Re: When Concerts Turn Ugly
October 01, 2020 03:40PM
I have either been lucky, or inexperienced, to have never seen anything quite like this. I have seen some weird concert moments, but typically from the performers, not the audiences. Once I saw a joint Tori Amos/Alanis Morrissette show at Foxboro in Massachusetts in which someone was making sexist snark from the audience and Tori stood up from her piano bench, and shouted back to the heckler, "Suck my clit!" When Sheryl Crow was opening for Crowded House at a show in St. Paul, early in her career, she sarcastically dedicated a song to "the sexual harassers in the audience" and some bozo shouted and hooted in approval. She stared at him and said, "well, fuck you." And at a Chris Whitley show (r.i.p.) in Portland, he went into a really long bizarre digression about David Pirner of Soul Asylum, who it turned out was in the audience.
Re: When Concerts Turn Ugly
October 01, 2020 04:12PM
I was about to say the same - that all the bad behavior I've seen at shows came from the band more than the audience. (I'm thinking particularly of a Wildhearts show at Stubb's here in Austin, when they were opening for the Darkness. A story for another time.)
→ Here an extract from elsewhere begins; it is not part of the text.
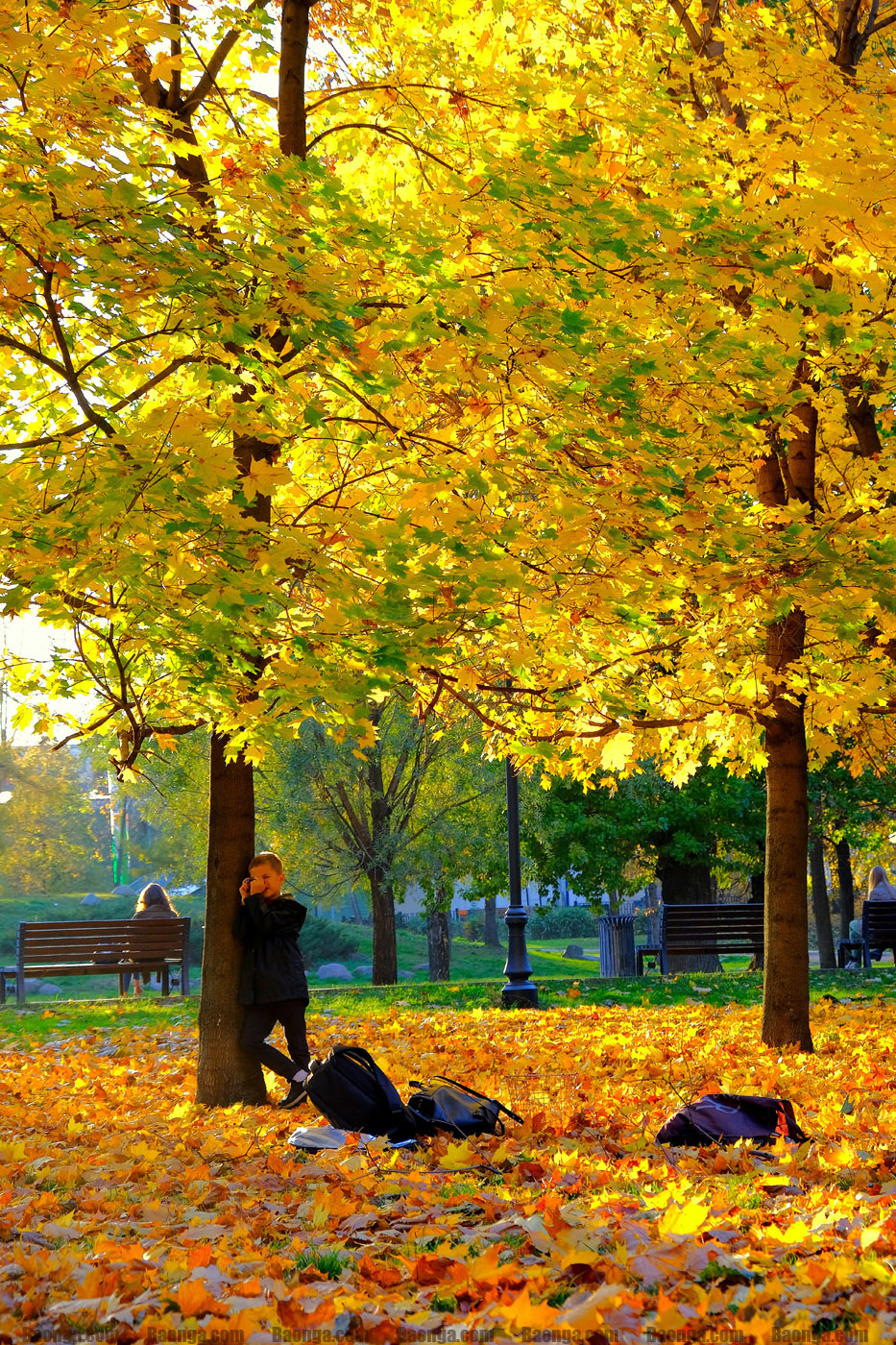 Đã nửa năm trôi qua, mùa nào tôi cũng ra đây vài ba lần. Mỗi mùa có một vẻ đẹp riêng. Và khi quyết định chụp bộ ảnh mùa thu, tôi đã nghĩ đến nơi này đầu tiên. Khi đến, thực sự tôi cảm thấy hài lòng. Cảnh vật cũng như con người ở đây đem đến cho tôi rất nhiều cảm xúc. Tôi thích chụp phong cảnh và đời thường, nên không chú ý nhờ một hay một vài người mẫu cố định, mà nếu bắt gặp bất kỳ một khung cảnh nào đẹp, thú vị, tôi đều nhanh tay chụp lại. Có lúc đó là bức ảnh chụp ông bố chơi với con, có lúc là một "người mẫu nhí bất đắc dĩ" giữa đống lá vàng, có lúc là những đứa trẻ chơi đùa với lá, có lúc là một cậu bé tựa gốc cây đang giả vờ cầm điện thoại ngắm chụp ảnh, hay một cô gái đang chơi đùa cùng chú chó cưng, có lúc là cảnh mọi người ngồi dưới tán cây trò chuyện, ngắm lá vàng rơi, có khi chỉ đơn giản là những ánh nắng mùa thu qua tán lá phong.

But then I remembered a Dash Rip Rock show at Fitzgerald's in Houston, late '80s. Those shows were always a little wild, as they were a mix of what I'll call the college rock crowd (like myself - I first learned of Dash from the 1988 TP Record Guide, after all) and the frat boy crowd of beer-drinkin' hell-raisers. When Dash played "Leave Me Alone (To My Bottle)," which has the sound of breaking glass on the record, a group of the frat boy types in front decided to start smashing beer bottles on the lip of the stage. Once or twice seemed crazy, but pretty soon there was a pile of broken glass in front of bassist Hoaky Hickel that kept growing, and flying bits of glass were hitting the crowd (including myself, who was on the opposite end in front of guitarist Bill Davis). The band finished the song, but stopped the show to admonish the fratters and have the bar staff clean up the stage. The fratters remained oblivious to the consequences of their mayhem.

The other time that comes to mind, and I'm pretty sure I've mentioned this before, was at a Rocket From the Tombs tour (their first one after their reunion) at Emo's in Austin. (2003, maybe? Not sure.) They came onstage and tore right into "What Love Is." Some idiot threw his cup of booze at the stage, where it hit David Thomas in the chest and splashed liquid all over his very nice suit. The band promptly left the stage.
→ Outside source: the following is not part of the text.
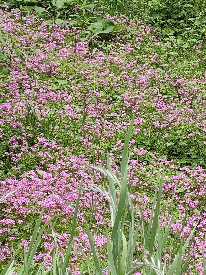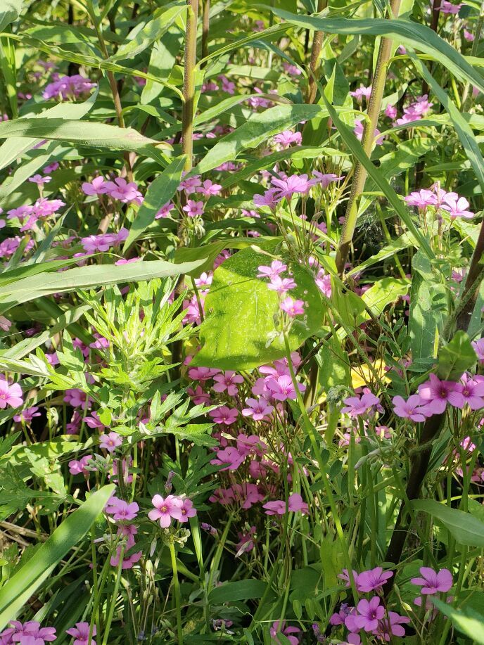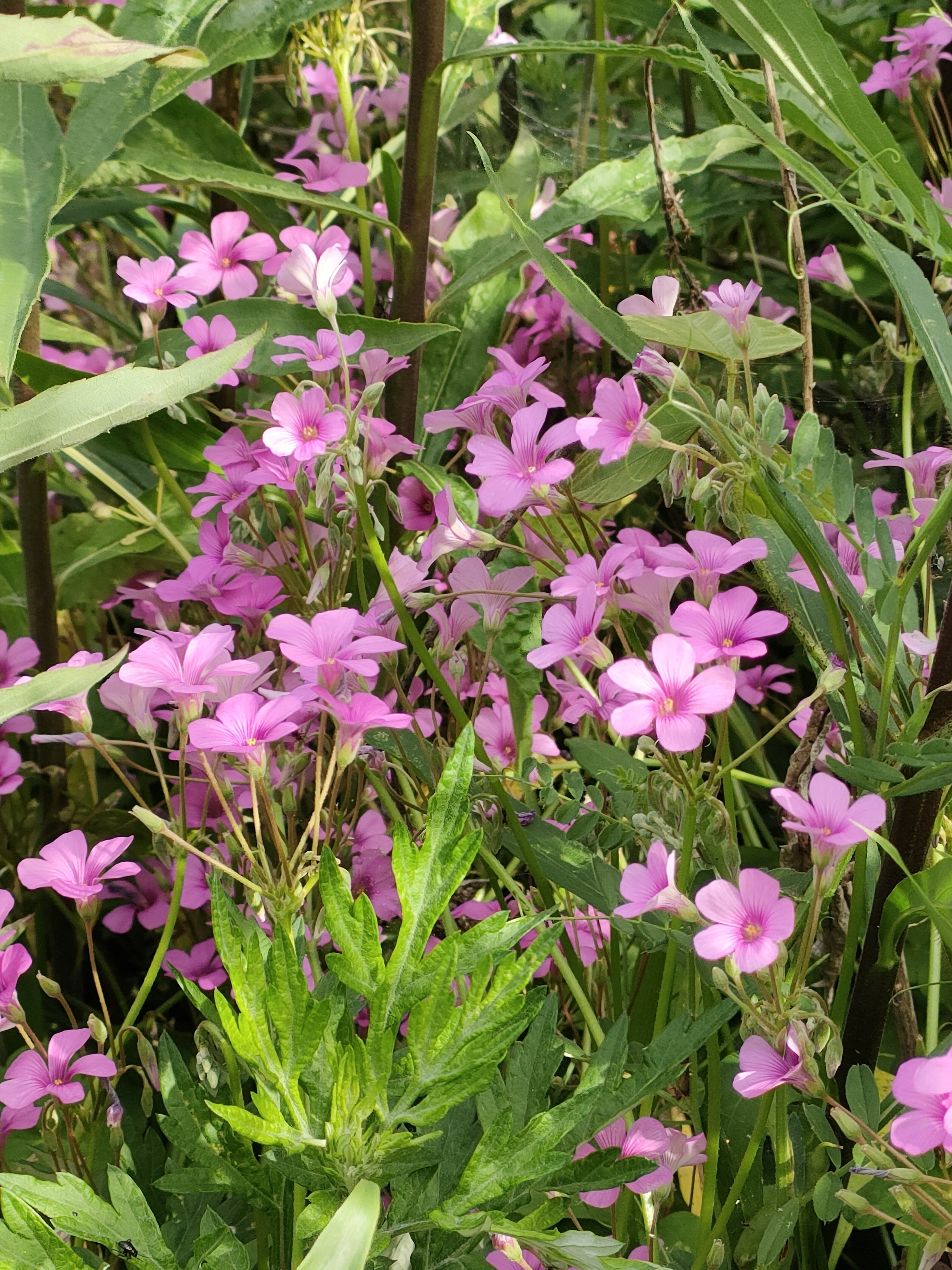 イモカタバミは群生しやすいようです。うちのまわりはムラサキカタバミが多いですが、一面ピンクのところはイモカタバミだと思います。

Many of us started getting pissed, as we'd been waiting decades for a chance to see this band. Cheetah Chrome came onstage and announced that they'd continue playing, but only if they felt they were safe. They came back, started over with the same song, and proceeded to rock like men a third their age. One of the best rock & roll shows I've seen in my life. At one point early on some dude (the same one?) cocked his drink to throw it at the stage, and got tackled by other members of the crowd.

But there was continued ill will - somebody called out "punk rock - woo!" between songs, which led to Chrome telling the crowd "We're not a punk band, we're a real band," causing some disgruntlement, and Thomas informing us that "punk is an unnatural thing a man does to another man," which got some boos from gay-friendly Austin. (In another Texas city, he might've gotten cheers.) I'd like to think the tension was part of why the show was such a ripper. But I guess this story is half-and-half between audience and band assholes.